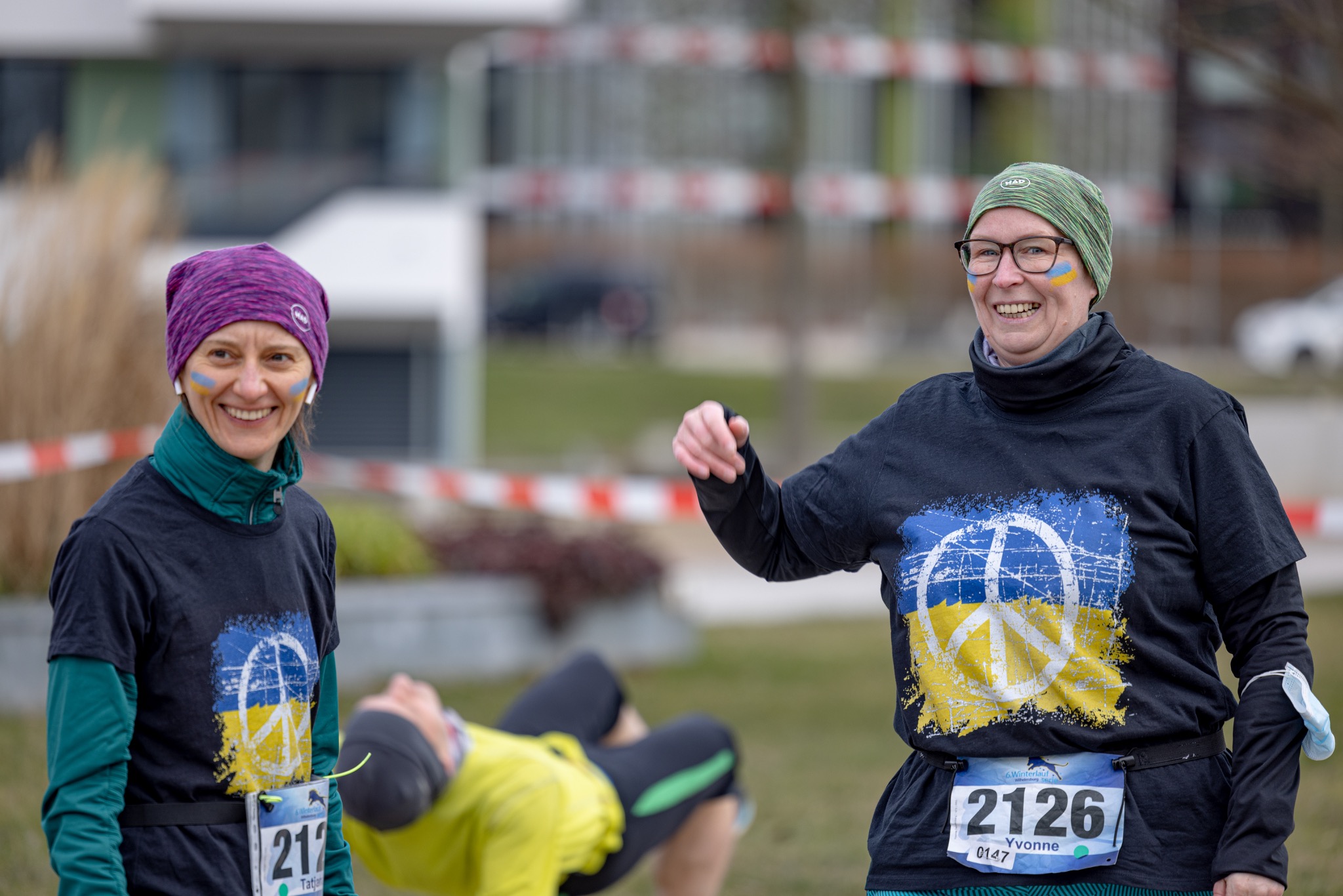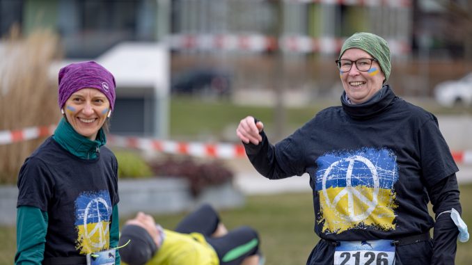 Das eigentliche Hauptthema des finalen Laufs war gefühlt aber ein anderes. Schaute man sich die Laufkleidung der Teilnehmenden an, so stach die Farbkombination blau-gelb auffällig oft hervor. Bereits im Vorfeld wurde der letzte Termin zu einem Solidaritätslauf der Ukraine ausgerufen. Mit Gesichtsfarbe über farblich abgestimmte Laufausrüstung zu Shirts mit Peace-Symbolen drückten die Läuferinnen und Läufer ihre Anteilnahme aus. Und im Hintergrund wehte neben den Fahnen Wilhelmsburg auch eine Flagge der Ukraine.
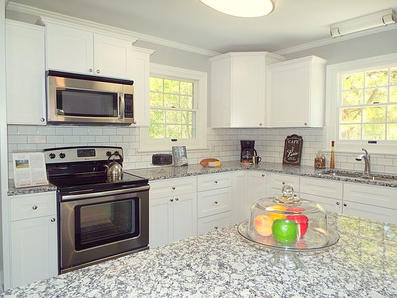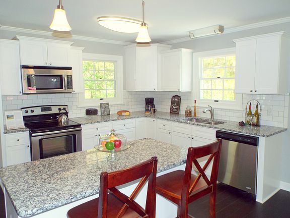 Gorgeous remodeled Brick home in cul-de-sac! Open floor plan. Dream Kitchen with white shaker cabinets, granite countertops, subway back splash, stainless appliances & modern island. Hardwood floors in Kitchen & main living area. Separate den & family room. Large partially finished Basement with wood burning Fireplace. New HVAC & Roof newer. Rocking chair front porch. Large 2 car Garage & parking for 6+ cars. Outside are two decks, big flat back yard & fresh landscaping. Great neighborhood!
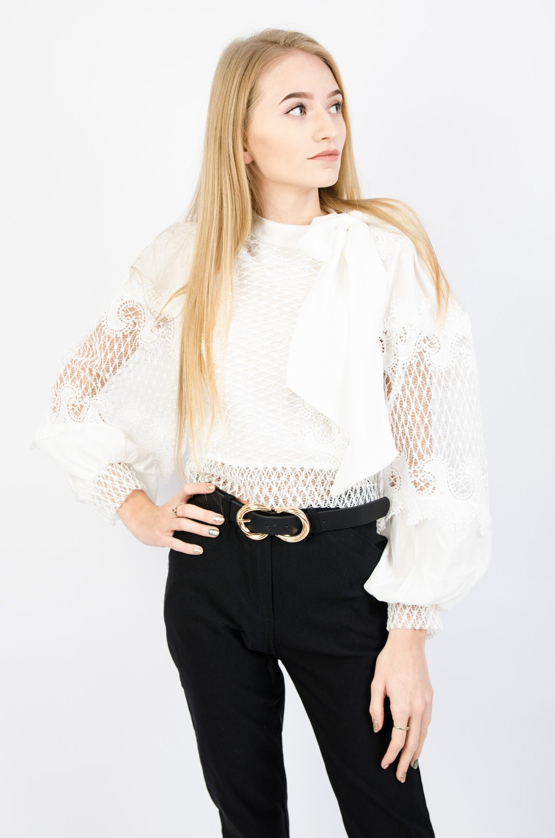 BIAŁA AŻUROWA BLUZKA Z BUFIASTYMI RĘKAWAMI
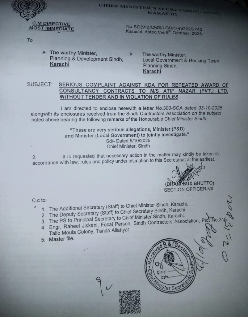 کےڈی اے میں 11 ارب 33 کروڑ روپے کے ٹھیکے بغیر ٹینڈر کے دینے کا انکشاف
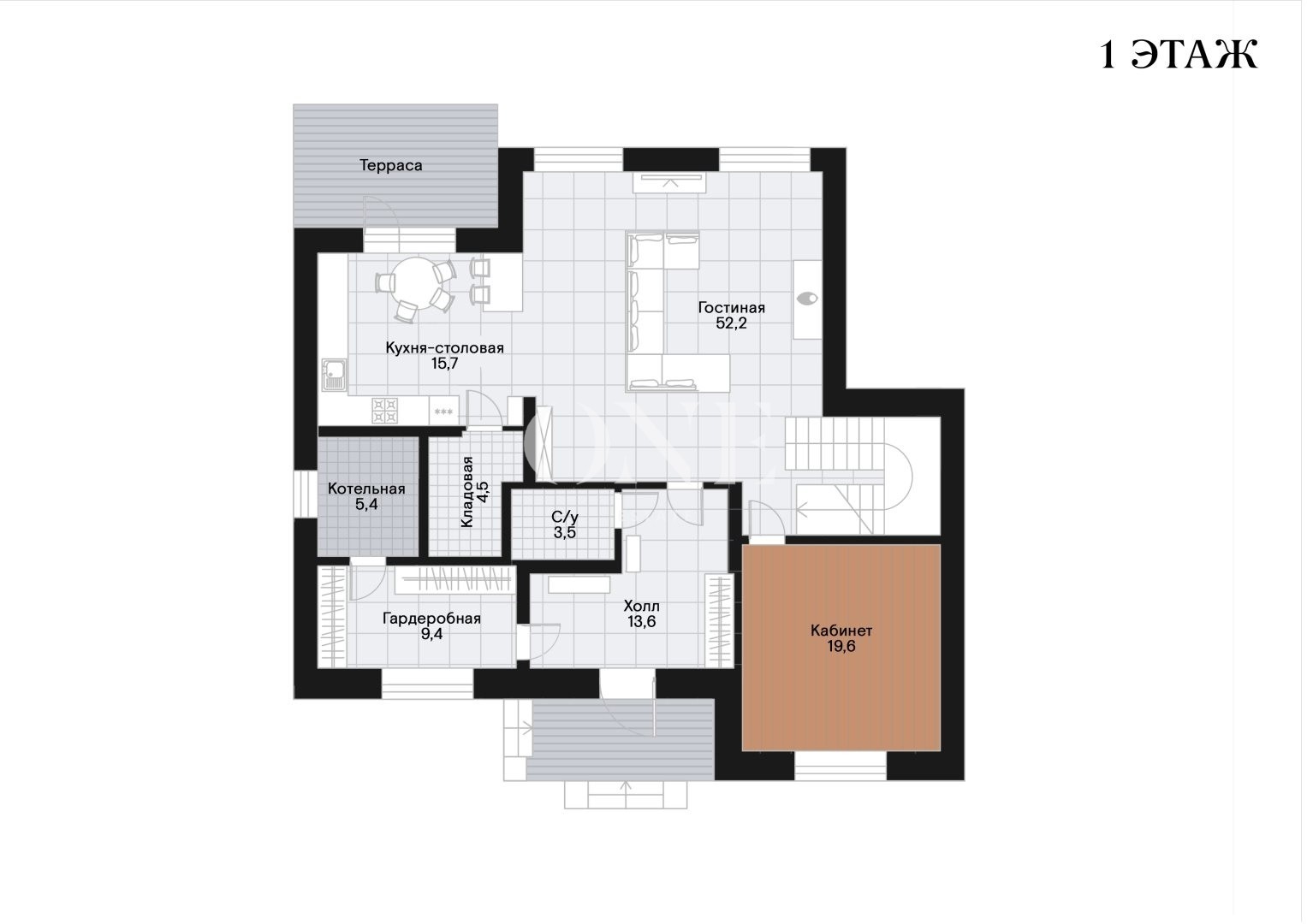 гостиная с выходом на террасу — удобно для отдыха и приема гостей, кухня-столовая, кабинет (можно использовать как гостиную или спальню), санузел с душевой, сезонная гардеробная, бойлерная и кладовая — всё хозяйственное вынесено из жилых зон.
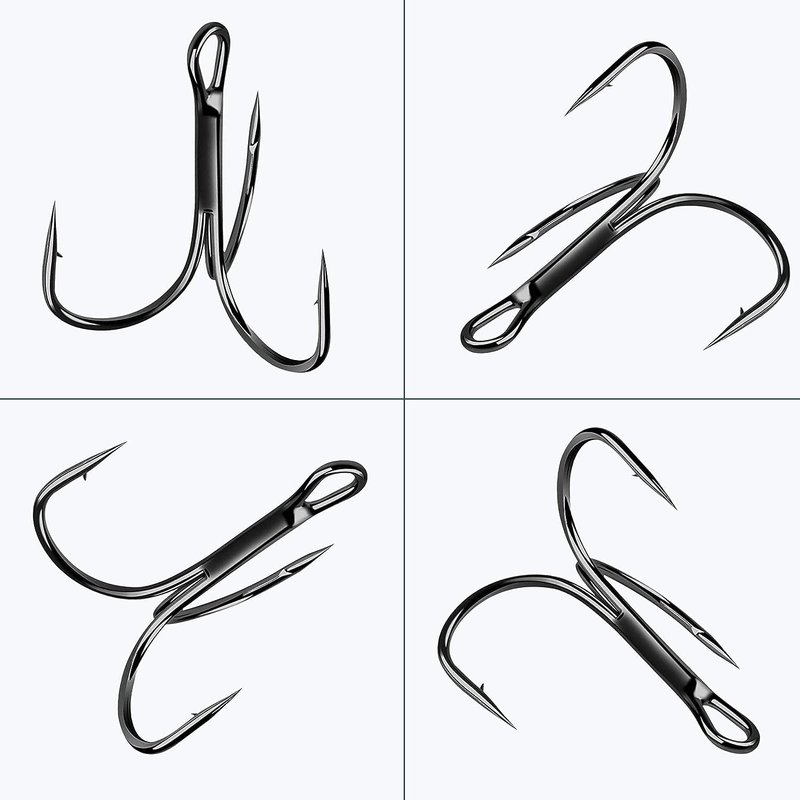 - 【DURABLE】Treble hooks made of high carbon steel with black nickel plated coating on the surface, which has high strength and good corrosion resistance. Suitable for saltwater freshwater sea river and lakes.
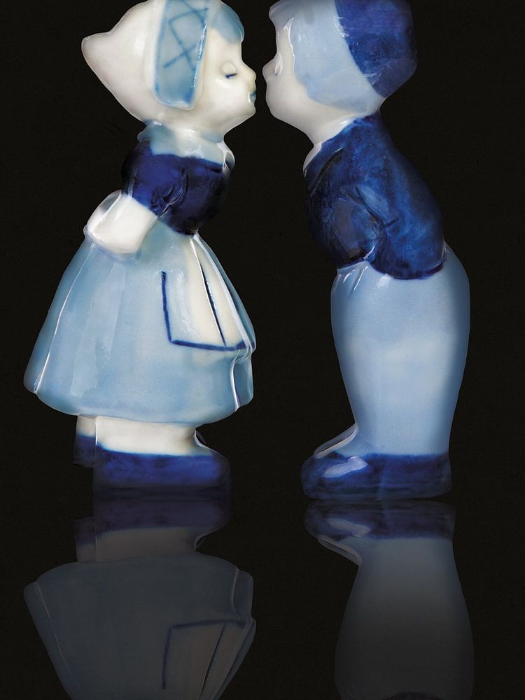 Delfter Blau küssendes Paar, Mann und Frau. Für ein modernes Aussehen auf schwarzem Hintergrund platziert. Es lebe die Liebe und unsere Freiheit!
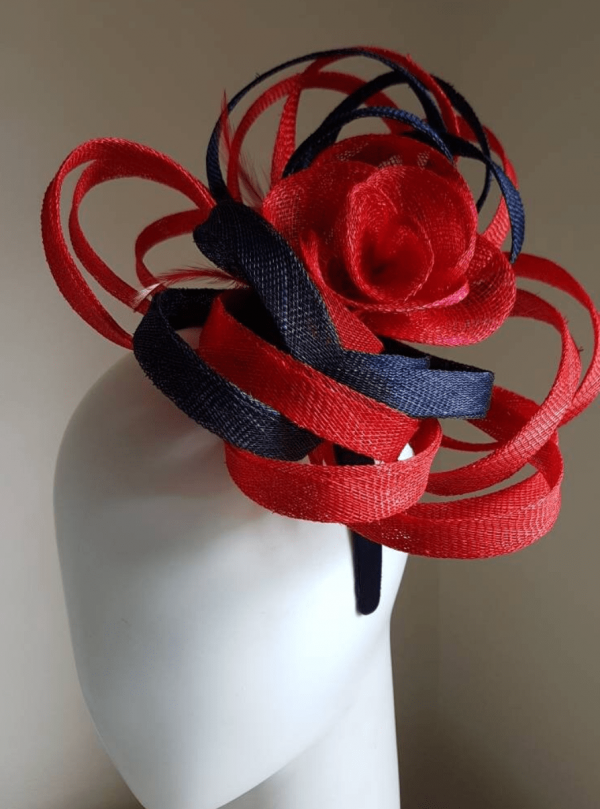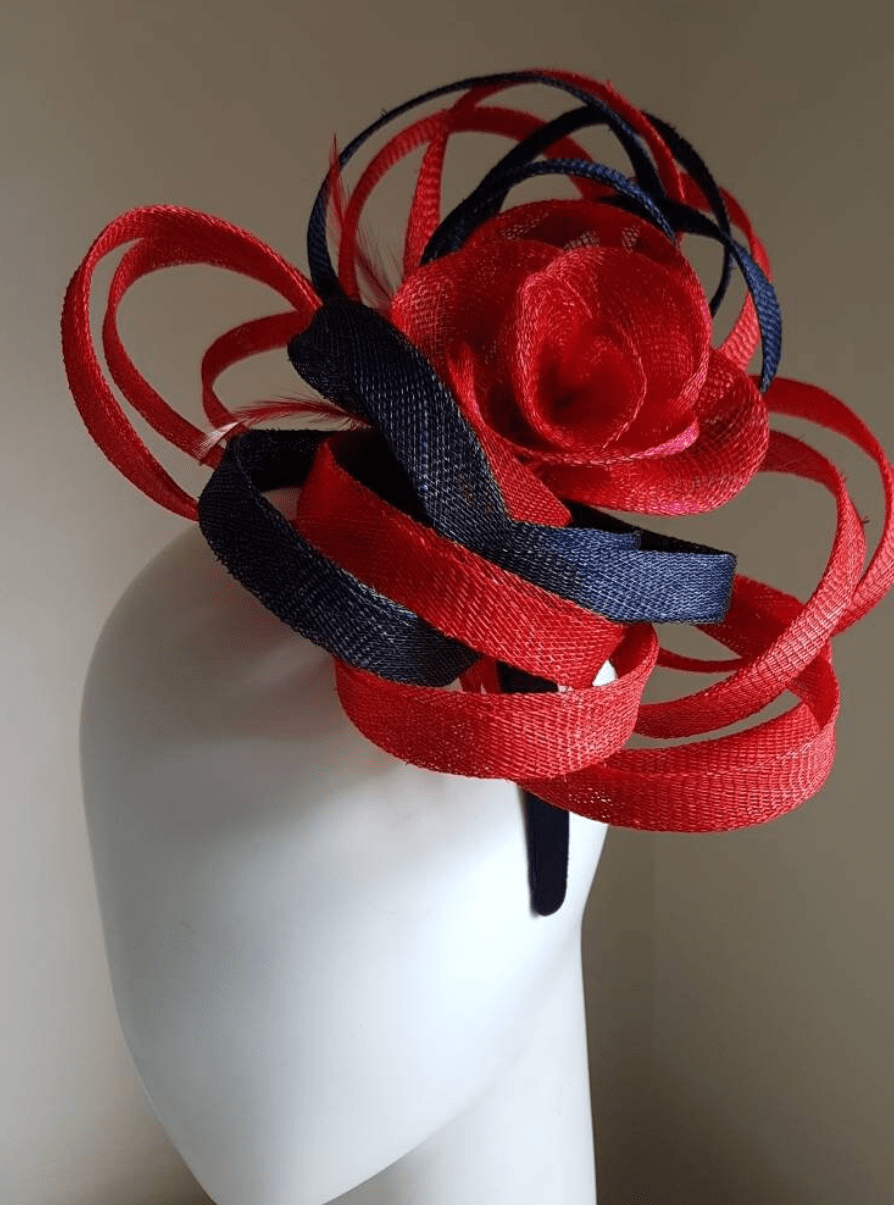 Navy Blue and red looped sinamay fascinator
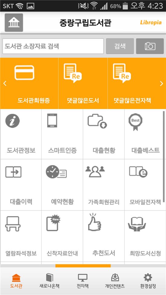 중랑구, 자료검색, 도서 대출 가능한 도서관 모바일 서비스
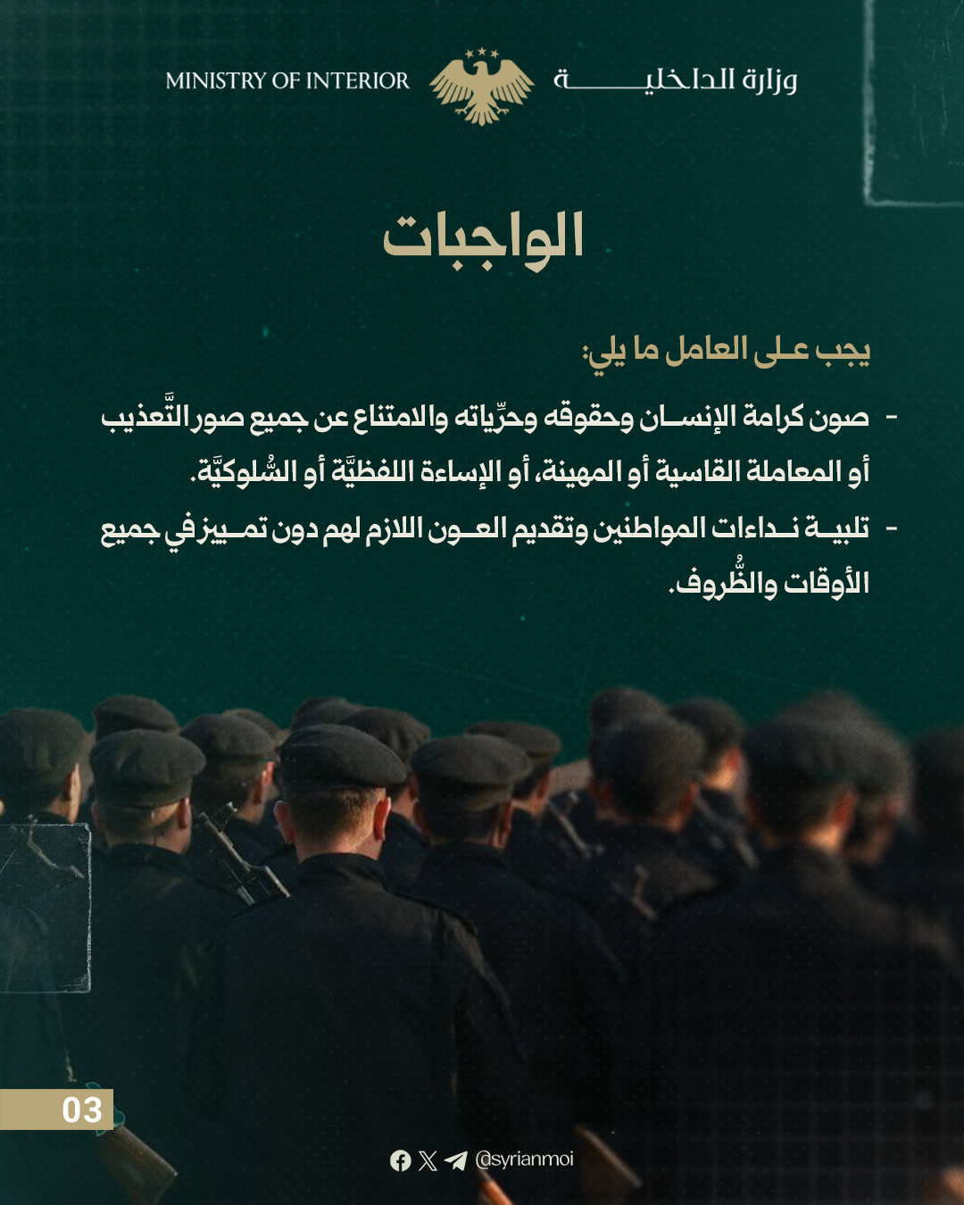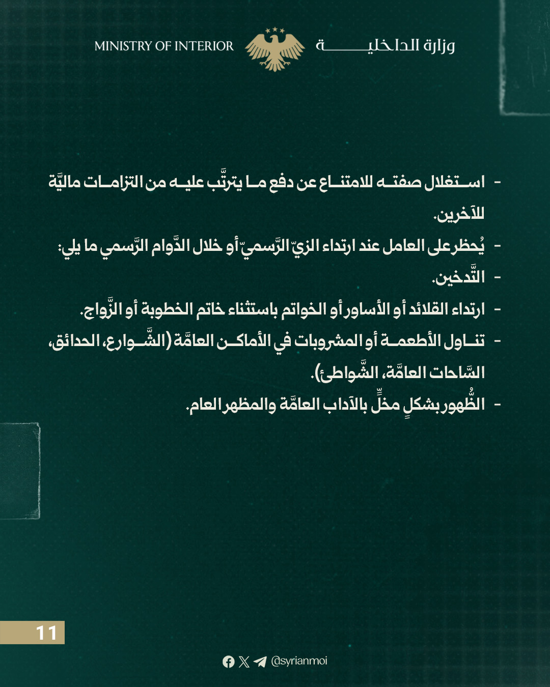 يحظر على العامل توثيق أو تصوير أو نشر أي نشاط أو موقع أو عنصر أمني أو إداري تابع للوزارة باستخدام الهاتف الشخصي أو أي جهاز تصوير دون موافقة الوزير أو من يفوضه.
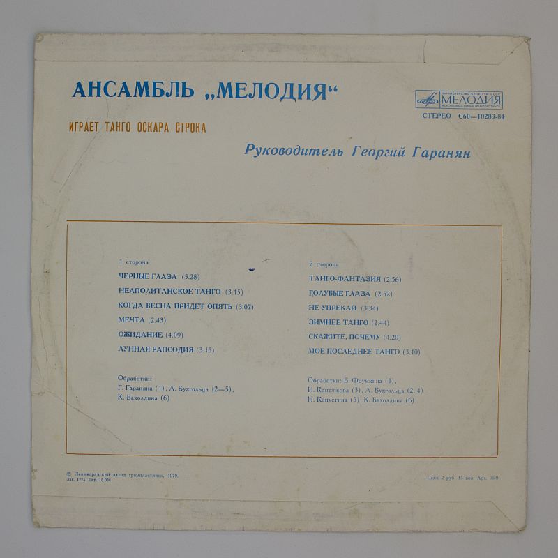 Ансамбль «Мелодия» представляет вашему вниманию альбом «Танго Оскара Строка» — настоящий подарок для любителей этого чарующего жанра. В каждой мелодии чувствуется душа и мастерство композитора, а исполнение ансамбля придаёт музыке особую глубину и выразительность.

◆ THE PROBLEM ◆
Copy out exactly the lines between the line that contains "Delfter Blau küssendes" and the last line of the records, both ends included; leave out every picture.

◆ RESULT FOR THIS TASK ◆
 Delfter Blau küssendes Paar, Mann und Frau. Für ein modernes Aussehen auf schwarzem Hintergrund platziert. Es lebe die Liebe und unsere Freiheit!
 Navy Blue and red looped sinamay fascinator
 중랑구, 자료검색, 도서 대출 가능한 도서관 모바일 서비스
 يحظر على العامل توثيق أو تصوير أو نشر أي نشاط أو موقع أو عنصر أمني أو إداري تابع للوزارة باستخدام الهاتف الشخصي أو أي جهاز تصوير دون موافقة الوزير أو من يفوضه.
 Ансамбль «Мелодия» представляет вашему вниманию альбом «Танго Оскара Строка» — настоящий подарок для любителей этого чарующего жанра. В каждой мелодии чувствуется душа и мастерство композитора, а исполнение ансамбля придаёт музыке особую глубину и выразительность.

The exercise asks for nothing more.